The following are the strength of this study: (A) 10-year outcome trend of VPTN from a middle income country’s neonatal network, (B) a standardised format was employed to collect data prospectively, (C) more than 90% of the tertiary Malaysian NICUs participated; (D) high proportion of the data were from 28 large centres participating in all 10 years, (E) association of care practices and major morbidities with in-hospital mortality were evaluated and (F) various low-cost modifiable factors for future improvement were identified.
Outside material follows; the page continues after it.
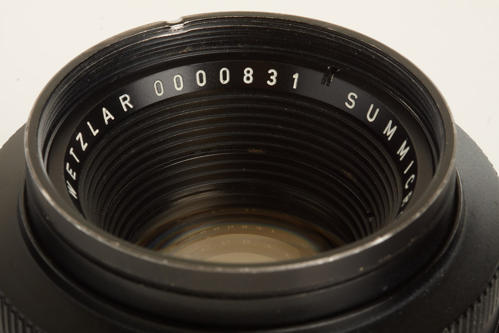 early black Summicron-R prototype with prototype number, converted to 3-cam, filterring, UVa filter, 12564K hood, white rear cap

The main limitation of this study is not having all NICUs participated during all 10 years.

In conclusion, there was a modest improvement in survival, major morbidities, and use of care practices during this 10-year period in the MNNR.

Data availability statement

Data are available on reasonable request. All data relevant to the study are included in the article or uploaded as online supplemental information. The data are obtained from the database of the Malaysian National Neonatal Registry.

Ethics statements

Patient consent for publication

Not required.

Ethics approval

Parental consent was not obtained as the database was anonymised. Ethical clearance for the MNNR was granted by the Malaysian Ministry of Health and registered under the National Medical Research Registry (NMRR-05-04-168).